While this glorious spectacle of democratic renewal is always heartening, the tone set on opening day should not be mistaken for the tune that will eventually play-out. Yes, the founders called it a Congress, meaning “a coming together,” but they fully understood it would not be a harmonic convergence of views, goals and policies. Not only did they grasp that any democratically-elected institution would produce a clashing of interests, they purposely divided responsibilities among the branches to prevent a concentration of power in any one place. As Madison put it in Federalist 51, “ambition must be made to counteract ambition.”

The framers did not fully appreciate that in addition to the Constitution’s separation of powers and attendant checks and balances, political parties would emerge as an additional check on action. That has been especially evident under divided party government which has been the norm for 40 of the last 60 years.
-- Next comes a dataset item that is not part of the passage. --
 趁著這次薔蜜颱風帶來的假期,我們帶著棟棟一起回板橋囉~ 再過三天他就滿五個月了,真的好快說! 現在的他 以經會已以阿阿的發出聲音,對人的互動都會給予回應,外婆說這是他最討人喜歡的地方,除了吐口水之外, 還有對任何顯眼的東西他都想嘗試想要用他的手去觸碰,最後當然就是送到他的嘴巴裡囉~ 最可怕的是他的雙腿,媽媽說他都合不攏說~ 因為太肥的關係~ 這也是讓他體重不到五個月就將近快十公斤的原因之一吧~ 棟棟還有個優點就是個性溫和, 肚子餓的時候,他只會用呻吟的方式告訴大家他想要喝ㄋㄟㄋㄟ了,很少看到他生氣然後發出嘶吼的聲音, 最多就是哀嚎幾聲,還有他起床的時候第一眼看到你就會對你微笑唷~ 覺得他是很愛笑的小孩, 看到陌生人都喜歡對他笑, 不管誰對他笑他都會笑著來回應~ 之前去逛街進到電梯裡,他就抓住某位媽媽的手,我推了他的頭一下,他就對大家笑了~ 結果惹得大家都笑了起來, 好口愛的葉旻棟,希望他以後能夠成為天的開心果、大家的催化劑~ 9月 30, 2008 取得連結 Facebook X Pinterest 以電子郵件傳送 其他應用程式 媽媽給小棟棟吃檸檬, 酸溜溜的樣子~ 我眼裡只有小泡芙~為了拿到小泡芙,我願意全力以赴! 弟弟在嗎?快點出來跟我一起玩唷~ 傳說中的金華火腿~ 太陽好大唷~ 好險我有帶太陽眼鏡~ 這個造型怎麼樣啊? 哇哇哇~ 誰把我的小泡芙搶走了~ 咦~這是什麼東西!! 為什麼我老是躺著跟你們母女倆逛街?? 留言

Notwithstanding all the upbeat opening day bonhomie and hoopla, the parties go their separate ways on the two most important votes members will cast: the election of Speaker and the adoption of House rules for the new Congress. The former vote is a recognition that the Speaker, while historically serving as the neutral presiding officer of the House, has also been the majority party’s leader almost since parties first emerged.

The latter vote is a recognition that the majority party fashions rules that allow the will of a House majority eventually to prevail on legislation. Translated, that usually means the rules are designed to expedite consideration and adoption of the majority party’s legislative agenda.
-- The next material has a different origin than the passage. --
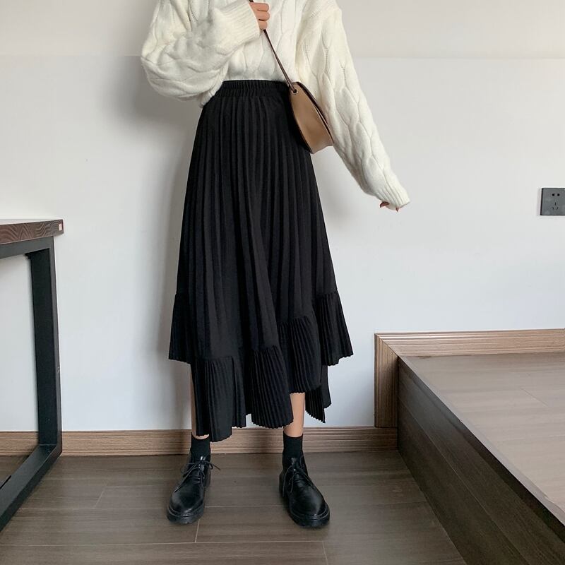 【送料無料】3色 ロングスカート レディース プリーツ フリル 春 秋 無地 ブラック 黒 アプリコット グレー 灰色 Aライン ハイウエスト スカート ボトムス アシンメトリー カジュアル ロング丈 かわいい おしゃれ 大人女子 こなれ感 お洒落 レトロ 大人可愛い シンプル 10代 20代 30代 40代 通勤 普段使い 普段着 デイリー お出かけ 休日 デート 女子会 体型カバー コーデ スタイル 韓国系 ファッション 着回し 韓国 db2349

Ironically, the debate on adopting rules for the new House has become a perfunctory slam-dunk, subject to just one-hour of debate and no amendments unless the minority happens to prevail on a procedural vote to commit the resolution with instructions to amend – which it never does.
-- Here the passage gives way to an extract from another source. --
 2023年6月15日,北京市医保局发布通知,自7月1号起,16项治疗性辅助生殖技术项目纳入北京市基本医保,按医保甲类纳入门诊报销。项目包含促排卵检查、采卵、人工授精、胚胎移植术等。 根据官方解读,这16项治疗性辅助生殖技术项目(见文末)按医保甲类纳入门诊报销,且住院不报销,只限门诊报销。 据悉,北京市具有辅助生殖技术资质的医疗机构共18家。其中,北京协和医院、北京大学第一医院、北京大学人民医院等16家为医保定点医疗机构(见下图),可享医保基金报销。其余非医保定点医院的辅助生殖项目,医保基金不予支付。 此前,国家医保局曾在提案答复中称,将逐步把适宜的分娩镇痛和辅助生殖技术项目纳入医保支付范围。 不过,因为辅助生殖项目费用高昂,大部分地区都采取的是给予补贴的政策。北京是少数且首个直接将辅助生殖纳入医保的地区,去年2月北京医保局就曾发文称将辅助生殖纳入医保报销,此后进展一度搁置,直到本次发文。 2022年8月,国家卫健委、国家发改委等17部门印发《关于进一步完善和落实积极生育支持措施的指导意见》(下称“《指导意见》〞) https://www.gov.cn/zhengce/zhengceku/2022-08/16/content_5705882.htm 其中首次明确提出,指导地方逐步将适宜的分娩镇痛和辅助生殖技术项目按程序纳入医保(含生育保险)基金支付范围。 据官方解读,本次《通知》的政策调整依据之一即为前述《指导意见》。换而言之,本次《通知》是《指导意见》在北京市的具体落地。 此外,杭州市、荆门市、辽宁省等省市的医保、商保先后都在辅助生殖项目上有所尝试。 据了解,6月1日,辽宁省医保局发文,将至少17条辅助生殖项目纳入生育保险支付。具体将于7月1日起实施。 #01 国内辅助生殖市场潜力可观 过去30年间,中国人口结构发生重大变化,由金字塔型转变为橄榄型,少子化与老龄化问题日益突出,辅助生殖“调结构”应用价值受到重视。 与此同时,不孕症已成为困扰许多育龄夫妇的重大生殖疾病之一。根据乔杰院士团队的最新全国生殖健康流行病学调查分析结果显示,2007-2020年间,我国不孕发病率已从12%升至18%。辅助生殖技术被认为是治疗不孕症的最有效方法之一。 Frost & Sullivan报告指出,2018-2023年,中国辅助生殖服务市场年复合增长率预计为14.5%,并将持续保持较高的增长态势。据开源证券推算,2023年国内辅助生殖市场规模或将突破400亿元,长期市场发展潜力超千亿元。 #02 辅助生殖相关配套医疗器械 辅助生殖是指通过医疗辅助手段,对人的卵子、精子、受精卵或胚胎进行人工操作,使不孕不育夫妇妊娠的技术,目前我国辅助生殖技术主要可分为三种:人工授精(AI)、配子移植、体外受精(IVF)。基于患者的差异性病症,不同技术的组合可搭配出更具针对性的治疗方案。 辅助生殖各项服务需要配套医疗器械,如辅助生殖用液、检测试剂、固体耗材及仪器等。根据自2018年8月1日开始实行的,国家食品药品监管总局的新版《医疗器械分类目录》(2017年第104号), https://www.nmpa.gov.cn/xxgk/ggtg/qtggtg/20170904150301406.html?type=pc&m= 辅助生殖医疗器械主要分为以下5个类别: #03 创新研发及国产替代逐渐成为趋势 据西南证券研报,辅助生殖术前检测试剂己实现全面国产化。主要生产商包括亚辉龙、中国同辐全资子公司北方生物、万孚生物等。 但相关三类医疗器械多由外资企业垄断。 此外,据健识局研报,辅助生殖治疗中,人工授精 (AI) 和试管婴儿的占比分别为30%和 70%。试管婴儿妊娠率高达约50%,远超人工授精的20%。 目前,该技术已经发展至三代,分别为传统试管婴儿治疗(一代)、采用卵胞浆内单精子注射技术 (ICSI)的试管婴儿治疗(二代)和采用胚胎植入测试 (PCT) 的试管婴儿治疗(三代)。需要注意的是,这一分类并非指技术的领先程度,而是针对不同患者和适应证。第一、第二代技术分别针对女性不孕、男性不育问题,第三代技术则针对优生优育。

George B. Galloway, in his 1962 Legislative Reference Service history of the House, recounts how, in the years after the Civil War, it was not unusual for a new House to spend several days debating and amending the rules package recommended by the Rules Committee. In that way, new members could learn the work ways of the institution while senior members could take their measure. That changed with the emergence of party governance in the 1890s and the takeover of the rules origination process by the majority party caucus before a Rules Committee is even appointed.

Those following opening day proceedings on C-SPAN may be baffled that the House chamber and galleries empty immediately after members are sworn-in by the Speaker. The extra television lights are extinguished, and only a handful of members remain in the dimly lit chamber to present and debate the resolution adopting rules for the new Congress. Everyone else has retreated to swearing-in receptions in members’ offices.

It is little consolation to know that the rules from the previous Congress are being re-adopted by reference in the rules resolution with just a few new tweaks. Even though those rules, developed over decades, provide for a “regular order” process of thoughtful, fair and orderly consideration of legislation, they are not self-executing. Instead they have been openly flouted for years through leadership-driven procedural suspensions, interventions and circumventions.

Unfortunately, most members today were not around three and four decades ago when the regular order was regularly observed. However, even if they remained in the chamber for the rules debate they would learn nothing about the old rules being brought forward. Most of the debate will focus instead on the minor new tweaks.

The House would be far better off to postpone consideration of the rules package until day two when all members can participate in an extended discussion of just what the regular order of rules is and why it is so important to learn and adhere to. Obviously, that will require a leadership led effort of reeducation and rededication of the House to a deliberative lawmaking process. But, in the final analysis, it may have as much to do with the reputation and legacy of the 114th Congress as the legislation it enacts.

Don Wolfensberger is a resident scholar at the Bipartisan Policy Center, a senior scholar at the Woodrow Wilson Center and former staff director of the House Rules Committee.